_EXERCISE GOAL_
All pictures should be dropped, and only the lines from the top of the entries below through the line containing "A aposta S9Bet" repeated exactly, both ends included.

Dataset excerpts
┏━━
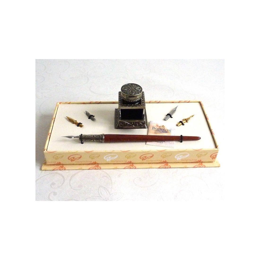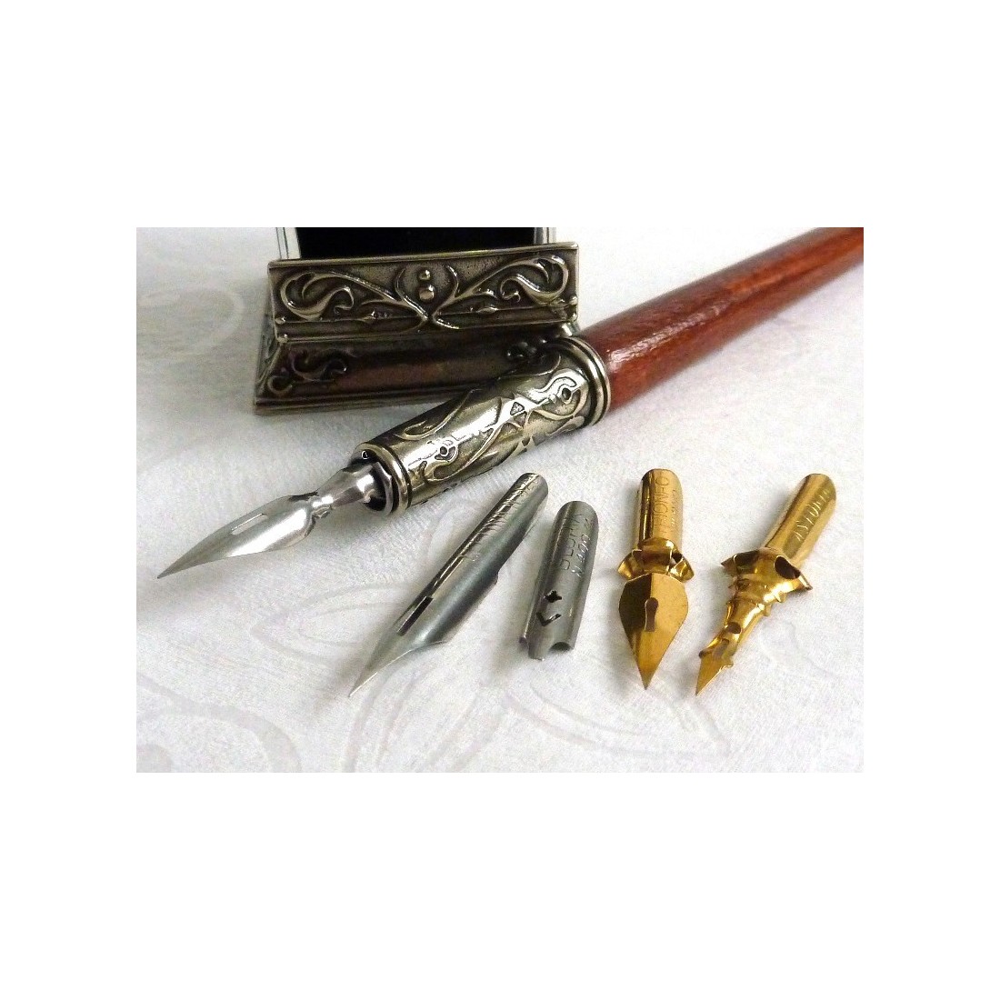 Set di penne in legno con inkwell e pen riposo. Ottimo valore e raffinatezza. Set composto da una penna in legno con porta nib in bronzo placcato in argento nichel, inkwell e quattro penni antichi.
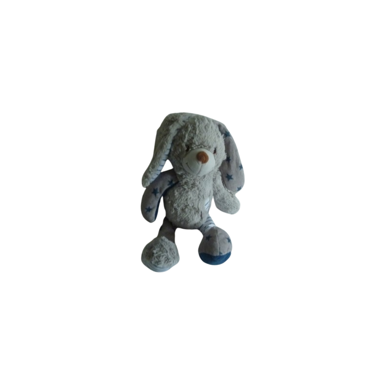 Doudou peluche lapin 36 cm environ, gris motif étoiles coeur. Etat : Comme neufDestinataire :
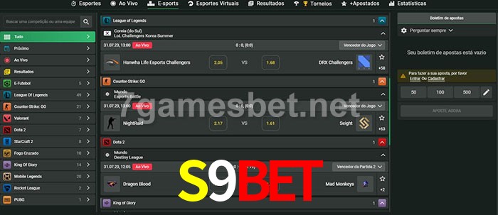 A aposta S9Bet oferece aos jogadores a experiência mais conveniente de apostas em eSports!
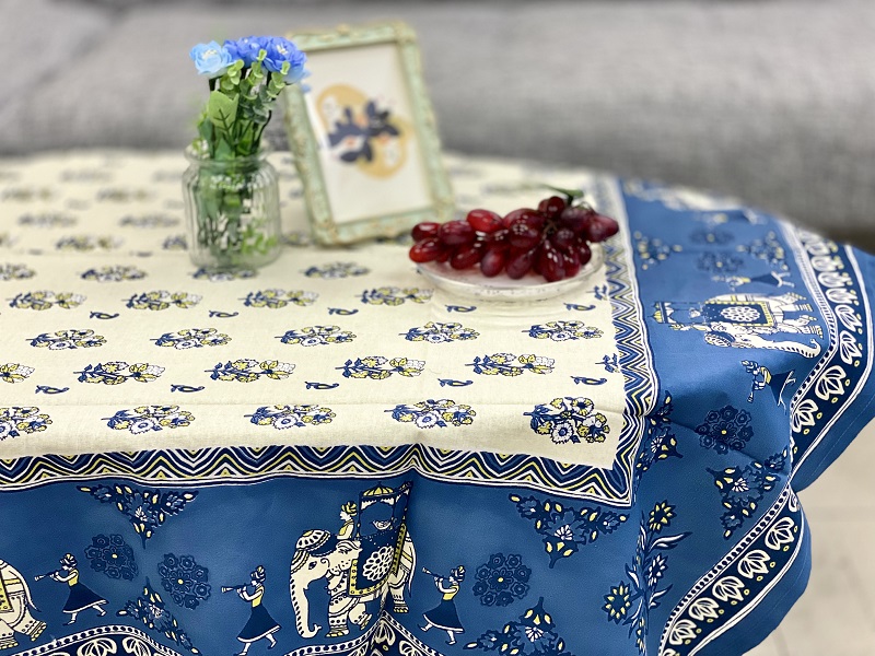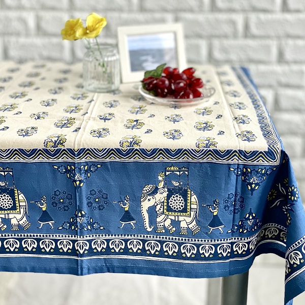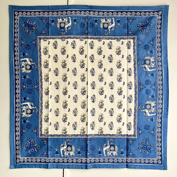 テーブルクロス インド綿100% 像の行進 ブルー 105cm×105cm
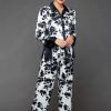 Women’s Satin Pajamas Set Long Sleeve Button Down Shirt With Long Pant Sleepwear
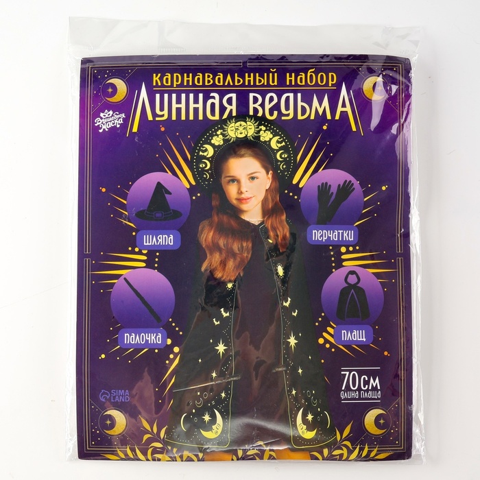 Карнавальный набор «Лунная ведьма», плащ 70 см, шляпа, перчатки, палочка — Характеристики
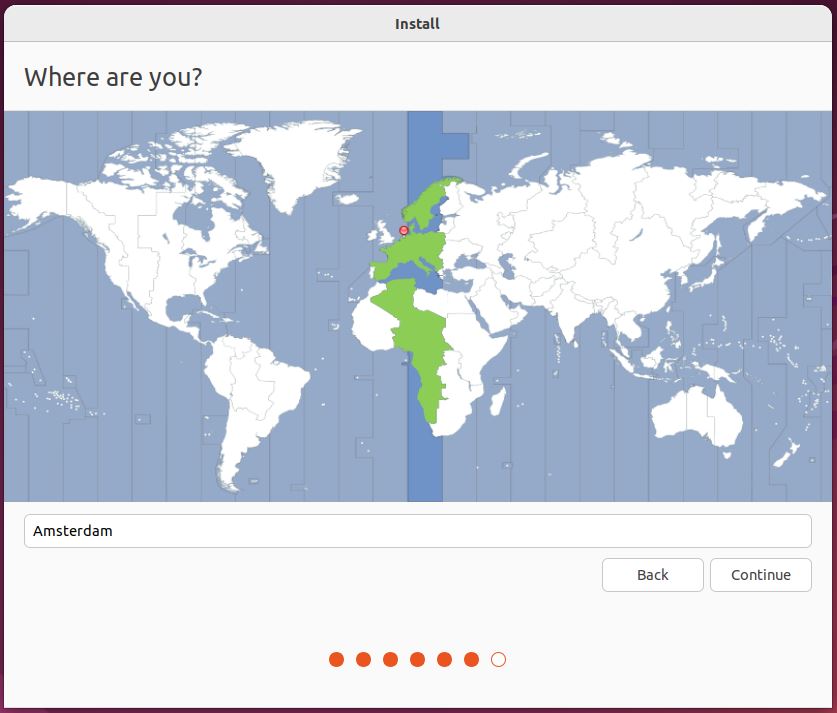 In the “Where are you?” window, I selected my location and timezone from the map screen and clicked on the ‘Continue’ button. This information will be detected automatically if you are connected to the internet.
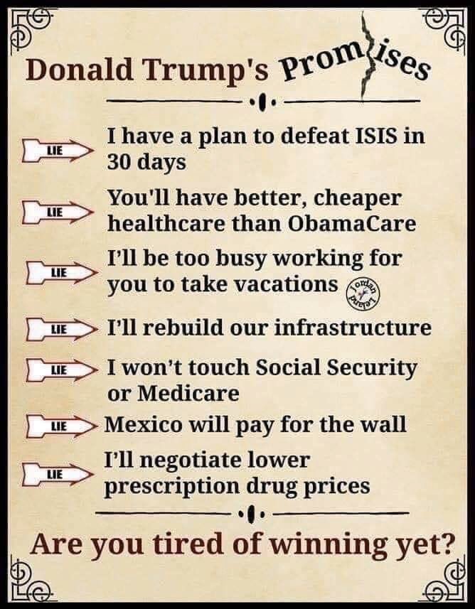 Promises broken. Criminal activity committed. @realDonaldTrump and all of his supporters in Congress should be jailed for crimes and/or accessory after the fact.
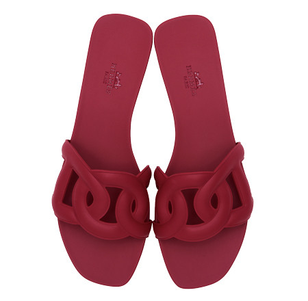 アイコニックな「シェーヌ・ダンクル」のモチーフをアッパーにあしらったラバーサンダル「アロハ」。新色はドラマティックなローズレッド。
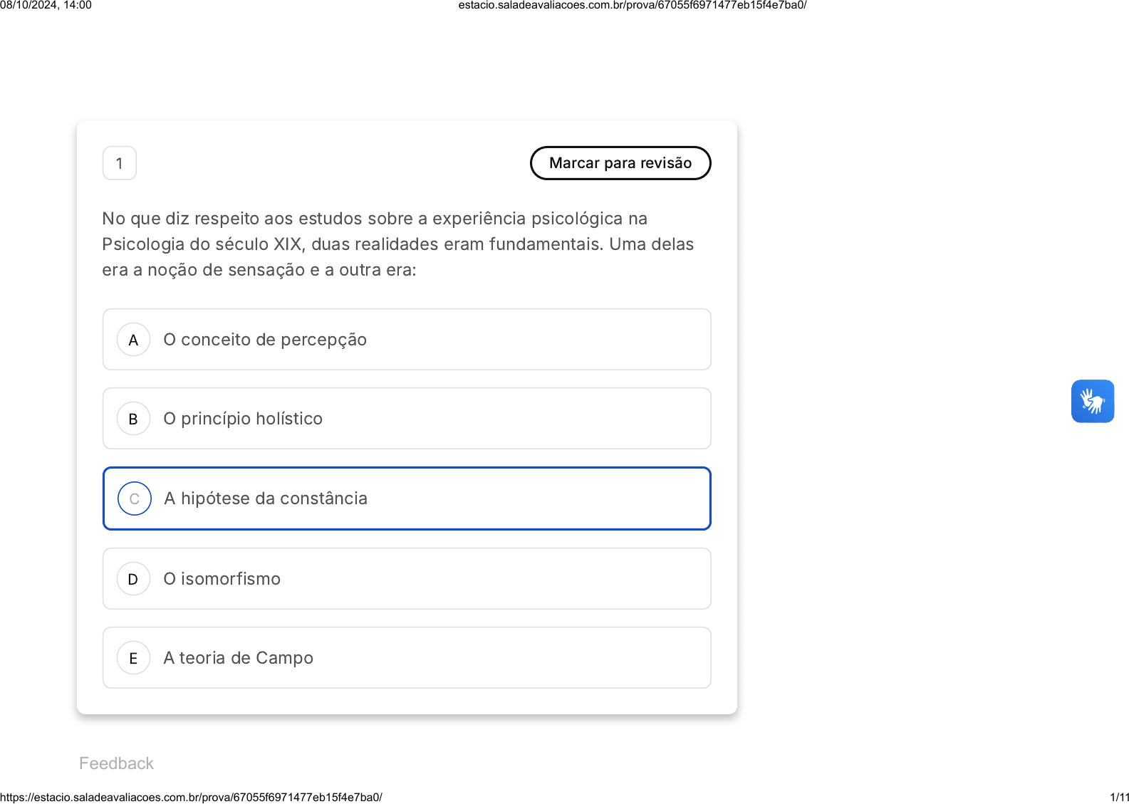 <p>A</p><p>B</p><p>C</p><p>D</p><p>E</p><p>1 Marcar para revisão</p><p>No que diz respeito aos estudos sobre a experiência psicológica na</p><p>Psicologia do século XIX, duas realidades eram fundamentais. Uma delas</p><p>era a noção de sensação e a outra era:</p><p>O conceito de percepção</p><p>O princípio holístico</p><p>A hipótese da constância</p><p>O isomorfismo</p><p>A teoria de Campo</p><p>Feedback</p><p>08/10/2024, 14:00 estacio.saladeavaliacoes.com.br/prova/67055f6971477eb15f4e7ba0/</p><p>https://estacio.saladeavaliacoes.com.br/prova/67055f6971477eb15f4e7ba0/ 1/11</p><p>A</p><p>B</p><p>C</p><p>D</p><p>E</p><p>2 Marcar para revisão</p><p>A perspectiva relacional na Gestalt-terapia respeita os princípios básicos</p><p>do diálogo que são:</p><p>Inclusão, confirmação, presença, entrega ao entre</p><p>Inclusão, confirmação, escuta ativa, entrega ao entre</p><p>Inclusão, escuta ativa, presença, entrega ao entre</p><p>Inclusão, confirmação, presença, escuta ativa</p><p>Inclusão, escuta ativa, comunicação não-violenta, entrega ao</p><p>entre</p><p>3 Marcar para revisão</p><p>Rogers, em sua teoria, manifesta que self é dividido em dois subsistemas,</p><p>o self ideal e o autoconceito. Quando, na relação entre self ideal e</p><p>08/10/2024, 14:00 estacio.saladeavaliacoes.com.br/prova/67055f6971477eb15f4e7ba0/</p><p>https://estacio.saladeavaliacoes.com.br/prova/67055f6971477eb15f4e7ba0/ 2/11</p><p>A</p><p>B</p><p>C</p><p>D</p><p>E</p><p>autoconceito, temos uma discrepância, estamos falando do seguinte</p><p>fenômeno.</p><p>Assinale a alternativa correta:</p><p>Autoatualização.</p><p>Incongruência.</p><p>Autoconsideração positiva.</p><p>Tendência formativa.</p><p>Tendência atualizante.</p><p>4 Marcar para revisão</p><p>Todas as coisas no universo apresentam uma propensão ao crescimento,</p><p>passando de seus aspectos mais simples para aqueles mais complexos. O</p><p>homem, de forma semelhante, também apresenta um potencial de</p><p>crescimento, dirigindo-se para a realização de todo o seu potencial. As</p><p>00</p><p>hora</p><p>: 25</p><p>min</p><p>: 11</p><p>seg</p><p>Ocultar</p><p>Questão 4 de 10</p><p>Respondidas �10� Em branco �0�</p><p>1 2 3 4 5</p><p>6 7 8 9 10</p><p>SM2 Psicologia Existencial Humanista</p><p>08/10/2024, 14:00 estacio.saladeavaliacoes.com.br/prova/67055f6971477eb15f4e7ba0/</p><p>https://estacio.saladeavaliacoes.com.br/prova/67055f6971477eb15f4e7ba0/ 3/11</p><p>A</p><p>B</p><p>C</p><p>D</p><p>E</p><p>afirmativas acima correspondem a dois pressupostos importantes da</p><p>Teoria de Carl. R. Rogers.</p><p>Sobre a Teoria Centrada na Pessoa de Carl. R. Rogers, marque a</p><p>alternativa correta.</p><p>Tendência Formativa e self ideal.</p><p>Tendência Atualizante e self ideal.</p><p>Tendência Formativa e autoconceito.</p><p>Tendência Atualizante e autoconceito.</p><p>Tendência Formativa e Tendência Atualizante.</p><p>5 Marcar para revisão</p><p>"Enquanto avançamos aos tropeços, quilômetros a fio, vadeando pela neve</p><p>ou resvalando no gelo, constantemente nos apoiamos um no outro,</p><p>erguendo-nos e arrastando-nos mutuamente. Nenhum de nós pronuncia</p><p>Finalizar prova</p><p>08/10/2024, 14:00 estacio.saladeavaliacoes.com.br/prova/67055f6971477eb15f4e7ba0/</p><p>https://estacio.saladeavaliacoes.com.br/prova/67055f6971477eb15f4e7ba0/ 4/11</p><p>uma palavra mais, mas sabemos neste momento que cada um ainda só</p><p>pensa em sua mulher. Vez por outra olho para o céu onde vão</p><p>empalidecendo as estrelas, ou para aquela região no horizonte em que</p><p>assoma a alvorada por detrás de um lúgubre grupo de nuvens. Mas agora</p><p>meu espírito está tomado daquela figura à qual ele se agarra com uma</p><p>fantasia incrivelmente viva, que eu jamais conhecera antes na vida normal.</p><p>Converso com minha esposa. Ouço-a responder, vejo-a sorrindo, vejo seu</p><p>olhar como que a exigir e a animar ao mesmo tempo e tanto faz se é real</p><p>ou não a sua presença - seu olhar agora brilha com mais intensidade que o</p><p>sol que está nascendo. Um pensamento me sacode. É a primeira vez na</p><p>vida que experimento a verdade daquilo que tantos pensadores</p><p>ressaltaram como a quintessência da sabedoria, por tantos poetas</p><p>cantada: a verdade de que o amor é, de certa forma, o bem último e</p><p>supremo que pode ser alcançado pela existência humana. Compreendo</p><p>agora as coisas últimas e extremas que podem ser expressas em</p><p>pensamento, poesia - em fé humana: a redenção pelo amor e no amor!</p><p>Passo a compreender que a pessoa, mesmo que nada mais lhe reste neste</p><p>mundo, pode tornar-se bem-aventurada - ainda que somente por alguns</p><p>momentos - entregando-se interiormente à imagem da pessoa amada. Na</p><p>pior situação exterior que se possa imaginar, numa situação em que a</p><p>pessoa não pode realizar-se através de alguma conquista, numa situação</p><p>em que sua conquista pode consistir unicamente num sofrimento reto,</p><p>num sofrimento de cabeça erguida, nesta situação a pessoa pode realizar-</p><p>se na contemplação amorosa da imagem espiritual que ela porta dentro de</p><p>si da pessoa amada. Pela primeira vez na vida entendo o que quer dizer:</p><p>os anjos são bem-aventurados na perpétua contemplação, em amor, de</p><p>uma glória infinita." �FRANKL, 2009, p. 55�56�.</p><p>Essa passagem da vida de Viktor Emil Frankl durante seu tempo recluso</p><p>em campos de concentração encarna dois conceitos da Logoterapia.</p><p>08/10/2024, 14:00 estacio.saladeavaliacoes.com.br/prova/67055f6971477eb15f4e7ba0/</p><p>https://estacio.saladeavaliacoes.com.br/prova/67055f6971477eb15f4e7ba0/ 5/11</p><p>A</p><p>B</p><p>C</p><p>D</p><p>E</p><p>Quais são?</p><p>Vontade de Sentido e autodistanciamento.</p><p>Vontade de Prazer e autotranscendência.</p><p>Autotranscendência e vontade de poder.</p><p>Sentido do Amor e autotranscendência.</p><p>A
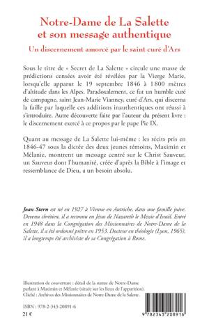 Sous le titre de « Secret de La Salette » circule une masse de prédictions censées avoir été révélées par la Vierge Marie, lorsqu'elle apparut le 19 septembre 1846 à 1 800 mètres d'altitude dans les Alpes. Paradoxalement, ce fut saint Jean-Marie Vianney, humble curé d'Ars, qui discerna la faille par laquelle ces additions inauthentiques ont réussi à s'introduire. Autre découverte faite par l'auteur de cet ouvrage : le discernement exercé à ce propos par le pape Pie IX. Quant au message de La Salette lui-même : les récits pris en 1846-47 sous la dictée des deux jeunes témoins, Maximin et Mélanie, montrent un message centré sur le Christ Sauveur, un Sauveur dont l'humanité, créée d'après la Bible à l'image et ressemblance de Dieu, a un besoin absolu.
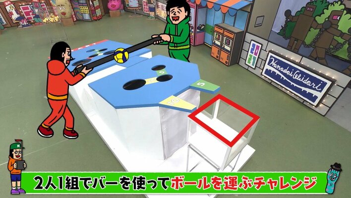 2人1組で両端を持ったバーを使い、ボールを転がしてゴールまで運びます。ポイントゾーン通過で得点、穴に落ちたりコースアウトするとそれまでの点が0に。前半・後半で合計150点獲得で成功です。
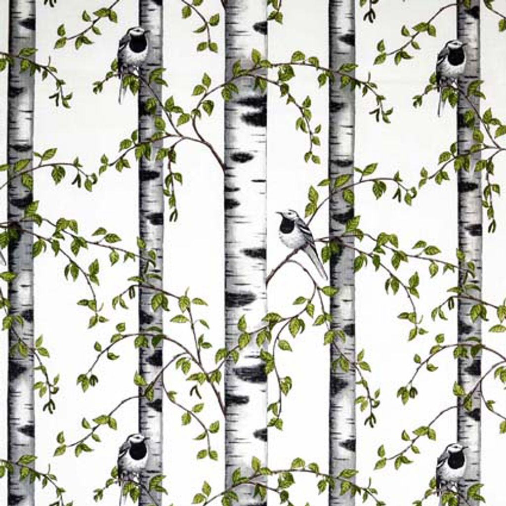 Björkdungen textilvaxduk i bomull med akrylbeläggning med en vit botten och sädesärlor och björkar. Vi skickar tyget ihopvikt.
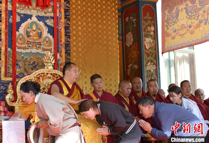 7月17日,班禪在雪林多吉頗章為信眾系上哈達。 中新社記者李林 攝
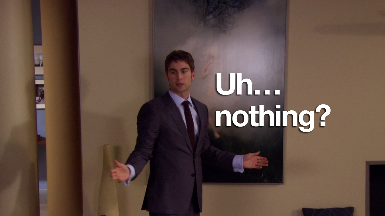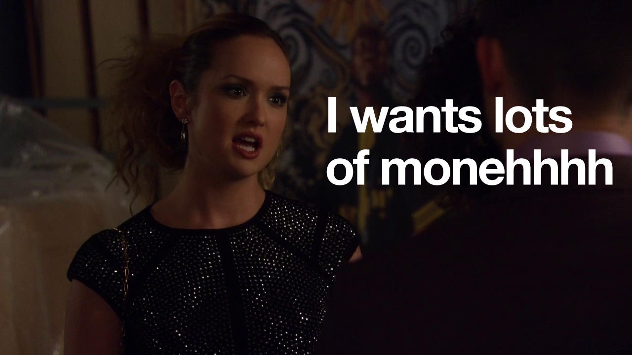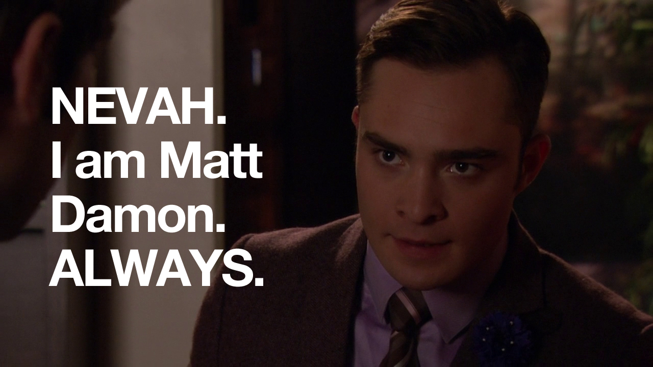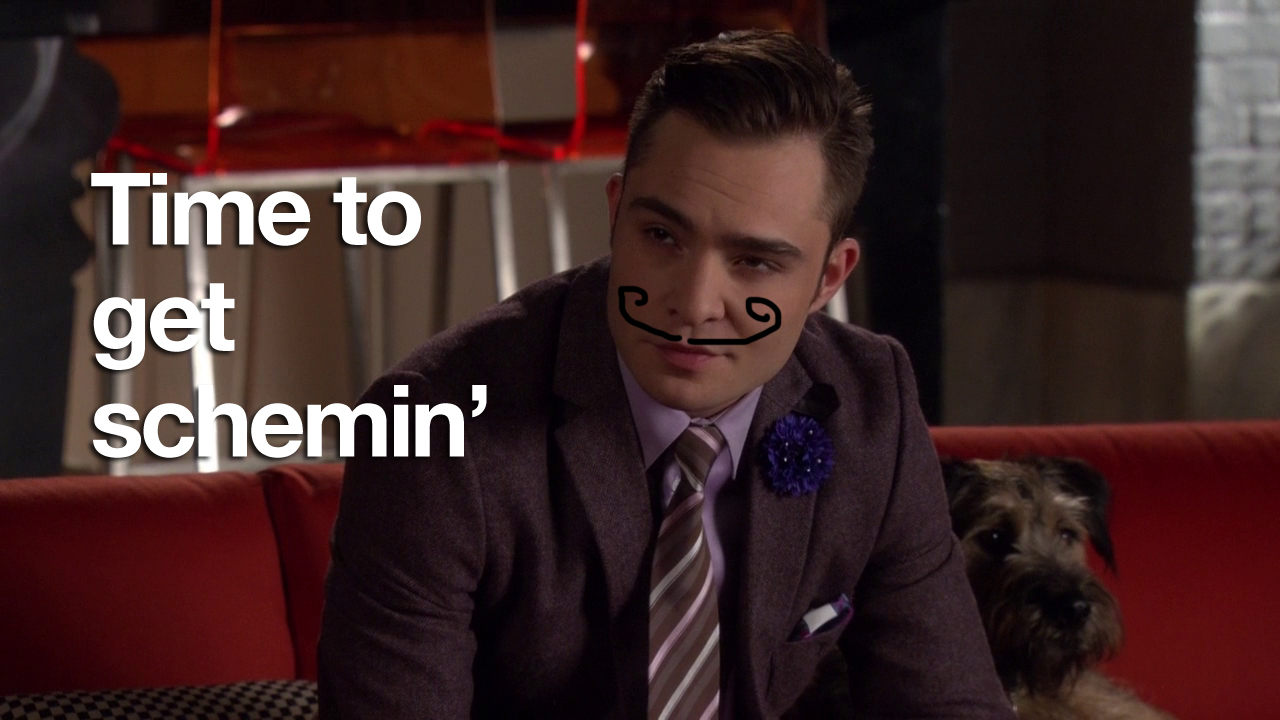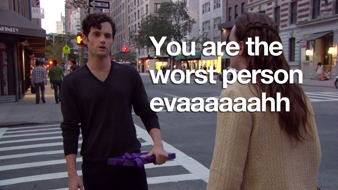In this episode, Ivy and Rufus spend all of their money making Lily huff and puff and blow your house down! Chuck and Nate are doing math, which is just a bad sign if Nate’s doing math. Blair is trying to defeat the Dark Side – but can’t understand common courtesy at all. And Serena and Dan get it in. Remember two episodes when they hated each other? Me neither.
┗━━
_EXERCISE RESULT_
 Set di penne in legno con inkwell e pen riposo. Ottimo valore e raffinatezza. Set composto da una penna in legno con porta nib in bronzo placcato in argento nichel, inkwell e quattro penni antichi.
 Doudou peluche lapin 36 cm environ, gris motif étoiles coeur. Etat : Comme neufDestinataire :
 A aposta S9Bet oferece aos jogadores a experiência mais conveniente de apostas em eSports!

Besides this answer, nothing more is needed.